▶ **TASK TO CARRY OUT**: Retyping should cover only the lines from the one containing "FURTALK Black Winter" through the final line of the records, with pictures omitted.
--------
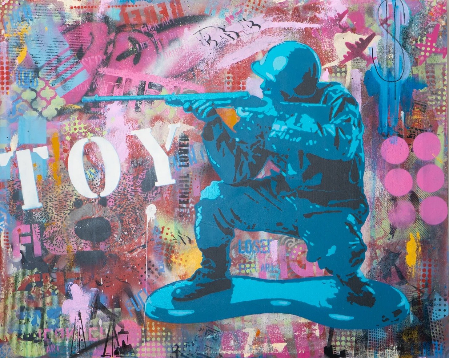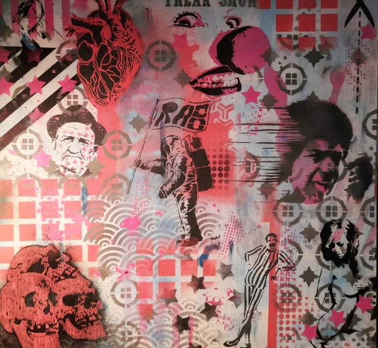 Rab Dauber, bresciano doc, è tra i pionieri della street art in Italia – anche se lui preferisce definirsi "imbrattatore urbano". Attivo dagli anni 2000, le sue opere nascono da una ricerca visiva poliedrica: dalla natura alla cultura pop degli anni '80 e '90, con ispirazioni da film cult come I Goonies e Donnie Darko, fino a temi sociali rivisitati in chiave provocatoria, come senzatetto o foto di famiglie con maschere antigas – un richiamo al mondo d'oggi, segnato da guerre e sofferenze, che spinge a una profonda riflessione sulla fragilità umana.
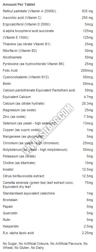 Съставки: Витамин А, витамин С, витамин Е, витамин D, витамин В1, витамин В2, ниацин, витамин В6, витамин В9, витамин В12, биотин, калций, желязо, йод, магнезий, селен, цинк, мед, манган, хром, калий, бор, холин, инозитол, рутин, Триметилглицин, Цитрусов биофлавоноиден комплекс, Хеспердинов комплекс, Кверцетин дихидрат, липаза, амилаза, протеаза, целулаза, ликопен, алфа-липоева киселина, зелен чай - екстракт от листа
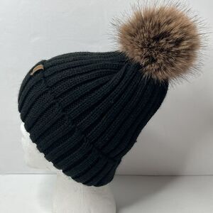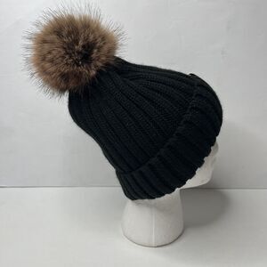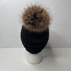 FURTALK Black Winter Satin Lined Faux Fur Pom One Size Beanie Hat
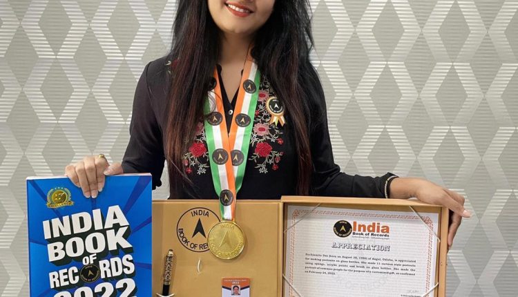 ଇଣ୍ଡିଆ ବୁକ୍‌ ଅଫ୍‌ ରେକର୍ଡସରେ ଚିତ୍ରଶିଳ୍ପୀ ସୁଚିସ୍ମିତା: କାଚ ବୋତଲରେ ସ୍ପଞ୍ଜ ଆକ୍ରିଲିକ୍‌ ପେଣ୍ଟିଂ
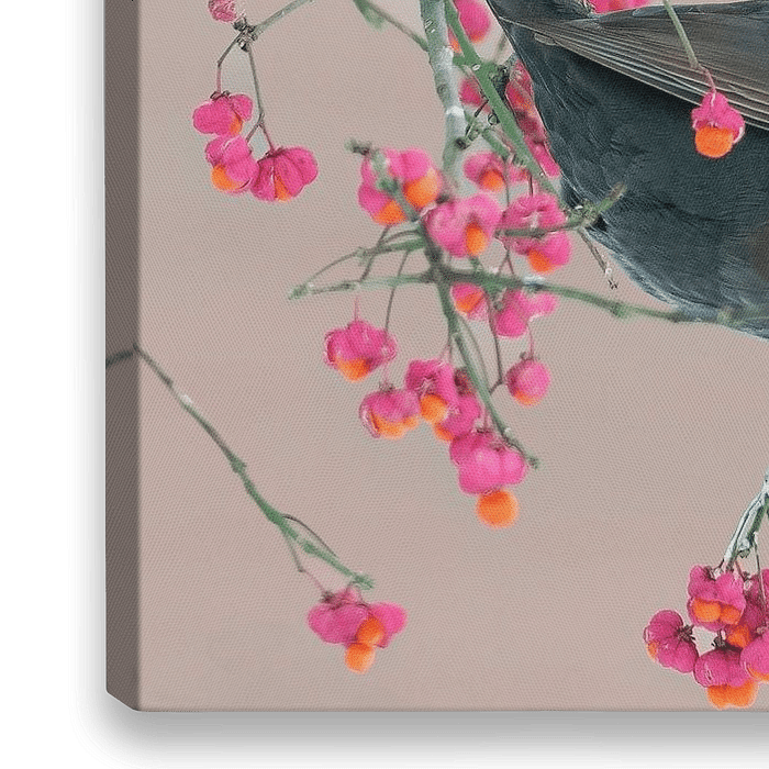 Femelle de Merle noir assise dans un chapeau de cardinal (Euonymus europaeus).
--------
▶ **SOLVED EXERCISE**:
 FURTALK Black Winter Satin Lined Faux Fur Pom One Size Beanie Hat
 ଇଣ୍ଡିଆ ବୁକ୍‌ ଅଫ୍‌ ରେକର୍ଡସରେ ଚିତ୍ରଶିଳ୍ପୀ ସୁଚିସ୍ମିତା: କାଚ ବୋତଲରେ ସ୍ପଞ୍ଜ ଆକ୍ରିଲିକ୍‌ ପେଣ୍ଟିଂ
 Femelle de Merle noir assise dans un chapeau de cardinal (Euonymus europaeus).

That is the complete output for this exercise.